Exercise directions: From the first line to the last, output the data exactly as it stands, minus its pictures.

Given information:
= Beginning of Section =
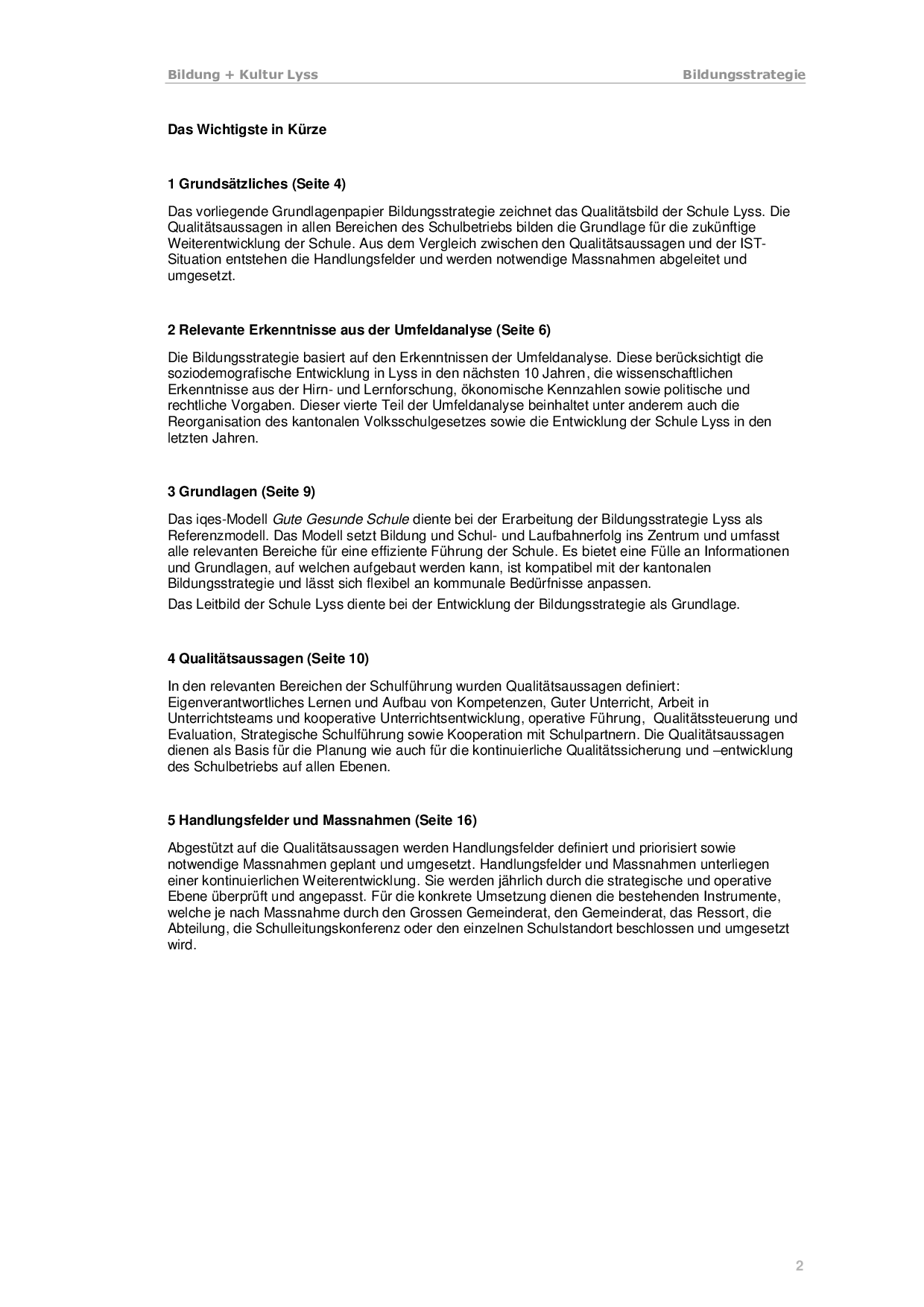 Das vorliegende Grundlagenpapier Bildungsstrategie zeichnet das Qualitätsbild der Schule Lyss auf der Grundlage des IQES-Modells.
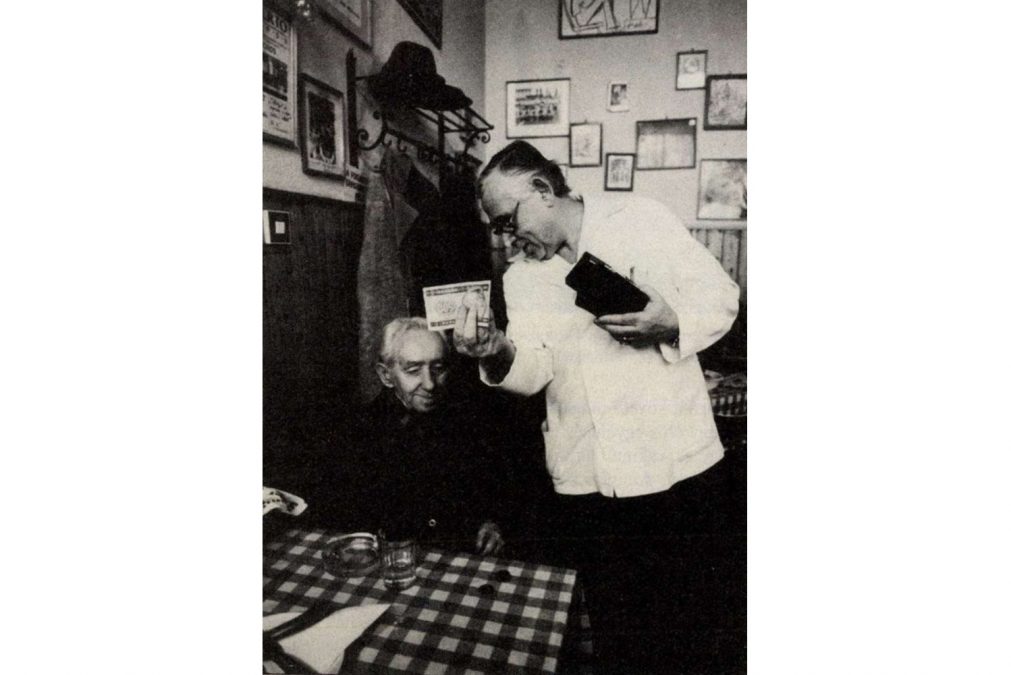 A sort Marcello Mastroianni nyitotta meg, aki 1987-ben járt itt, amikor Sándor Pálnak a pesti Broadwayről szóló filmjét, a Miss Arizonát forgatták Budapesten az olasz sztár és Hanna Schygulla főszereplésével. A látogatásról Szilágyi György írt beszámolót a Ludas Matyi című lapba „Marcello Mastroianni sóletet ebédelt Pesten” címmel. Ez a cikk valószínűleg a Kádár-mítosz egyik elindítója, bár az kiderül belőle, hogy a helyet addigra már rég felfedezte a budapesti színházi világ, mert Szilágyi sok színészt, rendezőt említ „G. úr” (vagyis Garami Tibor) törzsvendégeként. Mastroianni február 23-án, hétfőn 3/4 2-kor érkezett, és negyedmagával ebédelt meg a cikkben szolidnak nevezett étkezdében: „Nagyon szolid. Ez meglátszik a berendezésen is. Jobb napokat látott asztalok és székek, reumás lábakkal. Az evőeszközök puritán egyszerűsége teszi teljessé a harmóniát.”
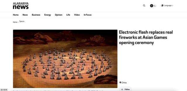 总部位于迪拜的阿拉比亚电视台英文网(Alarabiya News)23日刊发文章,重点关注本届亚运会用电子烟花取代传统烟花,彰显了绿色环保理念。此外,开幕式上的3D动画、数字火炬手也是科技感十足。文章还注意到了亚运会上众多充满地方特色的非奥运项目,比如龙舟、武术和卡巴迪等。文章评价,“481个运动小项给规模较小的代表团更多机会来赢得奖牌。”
= End of Section =
Answer to the problem:
 Das vorliegende Grundlagenpapier Bildungsstrategie zeichnet das Qualitätsbild der Schule Lyss auf der Grundlage des IQES-Modells.
 A sort Marcello Mastroianni nyitotta meg, aki 1987-ben járt itt, amikor Sándor Pálnak a pesti Broadwayről szóló filmjét, a Miss Arizonát forgatták Budapesten az olasz sztár és Hanna Schygulla főszereplésével. A látogatásról Szilágyi György írt beszámolót a Ludas Matyi című lapba „Marcello Mastroianni sóletet ebédelt Pesten” címmel. Ez a cikk valószínűleg a Kádár-mítosz egyik elindítója, bár az kiderül belőle, hogy a helyet addigra már rég felfedezte a budapesti színházi világ, mert Szilágyi sok színészt, rendezőt említ „G. úr” (vagyis Garami Tibor) törzsvendégeként. Mastroianni február 23-án, hétfőn 3/4 2-kor érkezett, és negyedmagával ebédelt meg a cikkben szolidnak nevezett étkezdében: „Nagyon szolid. Ez meglátszik a berendezésen is. Jobb napokat látott asztalok és székek, reumás lábakkal. Az evőeszközök puritán egyszerűsége teszi teljessé a harmóniát.”
 总部位于迪拜的阿拉比亚电视台英文网(Alarabiya News)23日刊发文章,重点关注本届亚运会用电子烟花取代传统烟花,彰显了绿色环保理念。此外,开幕式上的3D动画、数字火炬手也是科技感十足。文章还注意到了亚运会上众多充满地方特色的非奥运项目,比如龙舟、武术和卡巴迪等。文章评价,“481个运动小项给规模较小的代表团更多机会来赢得奖牌。”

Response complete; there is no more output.